» **EXERCISE**:
Restate the listing below word for word, pictures excluded.

» **DATASET RECORDS**:
BEGIN
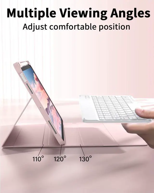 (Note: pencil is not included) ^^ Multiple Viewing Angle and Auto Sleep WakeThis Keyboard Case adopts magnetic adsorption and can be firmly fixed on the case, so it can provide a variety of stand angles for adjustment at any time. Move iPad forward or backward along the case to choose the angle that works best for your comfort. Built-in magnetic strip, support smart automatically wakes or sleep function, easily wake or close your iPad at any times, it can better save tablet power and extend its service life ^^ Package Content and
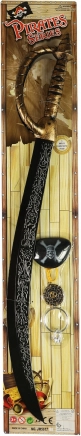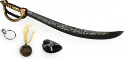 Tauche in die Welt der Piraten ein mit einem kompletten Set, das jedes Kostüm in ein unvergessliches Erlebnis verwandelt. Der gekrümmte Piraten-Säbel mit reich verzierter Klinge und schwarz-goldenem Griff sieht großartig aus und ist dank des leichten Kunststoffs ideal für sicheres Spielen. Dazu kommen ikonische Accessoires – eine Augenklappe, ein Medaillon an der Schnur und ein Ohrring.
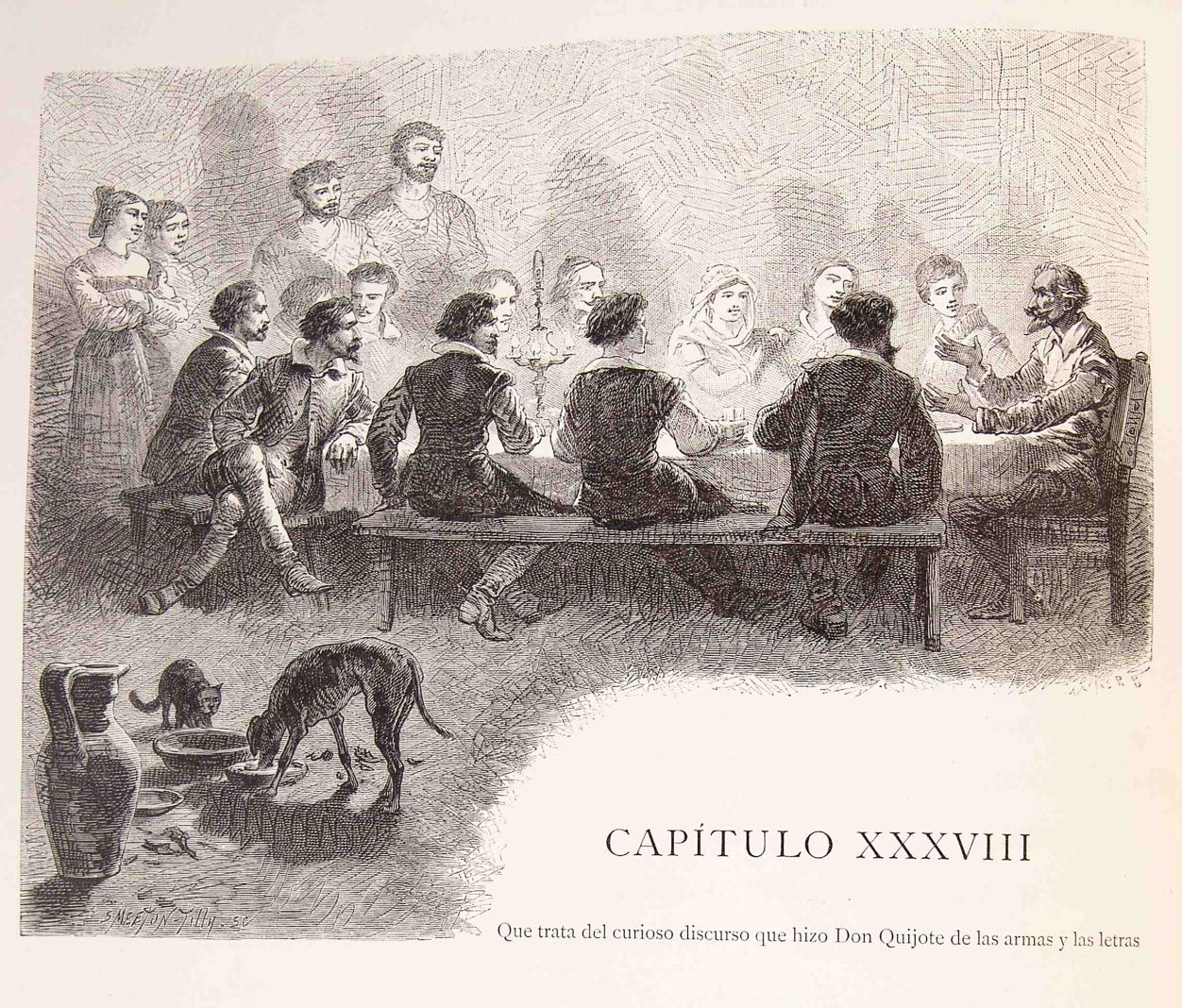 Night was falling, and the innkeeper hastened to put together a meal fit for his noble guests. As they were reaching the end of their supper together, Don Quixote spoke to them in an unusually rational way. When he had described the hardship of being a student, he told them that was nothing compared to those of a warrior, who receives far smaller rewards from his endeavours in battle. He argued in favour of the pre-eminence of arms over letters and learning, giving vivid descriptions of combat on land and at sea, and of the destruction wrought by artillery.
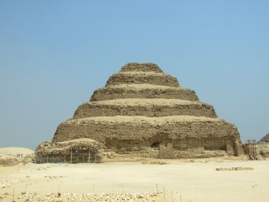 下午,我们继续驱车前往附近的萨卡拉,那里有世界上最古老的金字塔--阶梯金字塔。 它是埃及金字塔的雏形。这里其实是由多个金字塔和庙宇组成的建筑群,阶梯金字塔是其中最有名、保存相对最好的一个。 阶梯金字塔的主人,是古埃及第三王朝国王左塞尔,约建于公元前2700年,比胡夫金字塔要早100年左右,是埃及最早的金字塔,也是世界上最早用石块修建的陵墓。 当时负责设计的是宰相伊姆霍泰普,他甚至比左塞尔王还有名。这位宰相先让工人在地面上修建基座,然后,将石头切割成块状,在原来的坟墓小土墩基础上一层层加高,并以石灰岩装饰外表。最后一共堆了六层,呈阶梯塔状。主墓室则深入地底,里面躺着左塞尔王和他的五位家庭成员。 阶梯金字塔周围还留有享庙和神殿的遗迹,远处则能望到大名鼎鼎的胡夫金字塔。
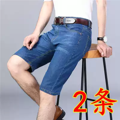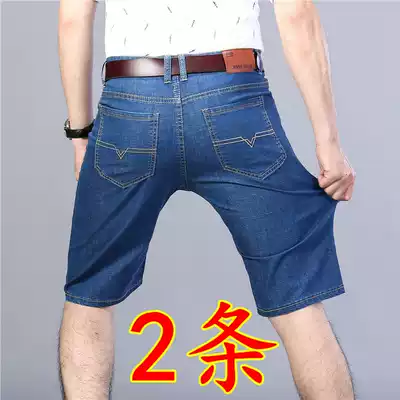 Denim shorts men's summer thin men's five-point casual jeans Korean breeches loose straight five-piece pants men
END
» **RESPONSE TO THE EXERCISE**:
 (Note: pencil is not included) ^^ Multiple Viewing Angle and Auto Sleep WakeThis Keyboard Case adopts magnetic adsorption and can be firmly fixed on the case, so it can provide a variety of stand angles for adjustment at any time. Move iPad forward or backward along the case to choose the angle that works best for your comfort. Built-in magnetic strip, support smart automatically wakes or sleep function, easily wake or close your iPad at any times, it can better save tablet power and extend its service life ^^ Package Content and
 Tauche in die Welt der Piraten ein mit einem kompletten Set, das jedes Kostüm in ein unvergessliches Erlebnis verwandelt. Der gekrümmte Piraten-Säbel mit reich verzierter Klinge und schwarz-goldenem Griff sieht großartig aus und ist dank des leichten Kunststoffs ideal für sicheres Spielen. Dazu kommen ikonische Accessoires – eine Augenklappe, ein Medaillon an der Schnur und ein Ohrring.
 Night was falling, and the innkeeper hastened to put together a meal fit for his noble guests. As they were reaching the end of their supper together, Don Quixote spoke to them in an unusually rational way. When he had described the hardship of being a student, he told them that was nothing compared to those of a warrior, who receives far smaller rewards from his endeavours in battle. He argued in favour of the pre-eminence of arms over letters and learning, giving vivid descriptions of combat on land and at sea, and of the destruction wrought by artillery.
 下午,我们继续驱车前往附近的萨卡拉,那里有世界上最古老的金字塔--阶梯金字塔。 它是埃及金字塔的雏形。这里其实是由多个金字塔和庙宇组成的建筑群,阶梯金字塔是其中最有名、保存相对最好的一个。 阶梯金字塔的主人,是古埃及第三王朝国王左塞尔,约建于公元前2700年,比胡夫金字塔要早100年左右,是埃及最早的金字塔,也是世界上最早用石块修建的陵墓。 当时负责设计的是宰相伊姆霍泰普,他甚至比左塞尔王还有名。这位宰相先让工人在地面上修建基座,然后,将石头切割成块状,在原来的坟墓小土墩基础上一层层加高,并以石灰岩装饰外表。最后一共堆了六层,呈阶梯塔状。主墓室则深入地底,里面躺着左塞尔王和他的五位家庭成员。 阶梯金字塔周围还留有享庙和神殿的遗迹,远处则能望到大名鼎鼎的胡夫金字塔。
 Denim shorts men's summer thin men's five-point casual jeans Korean breeches loose straight five-piece pants men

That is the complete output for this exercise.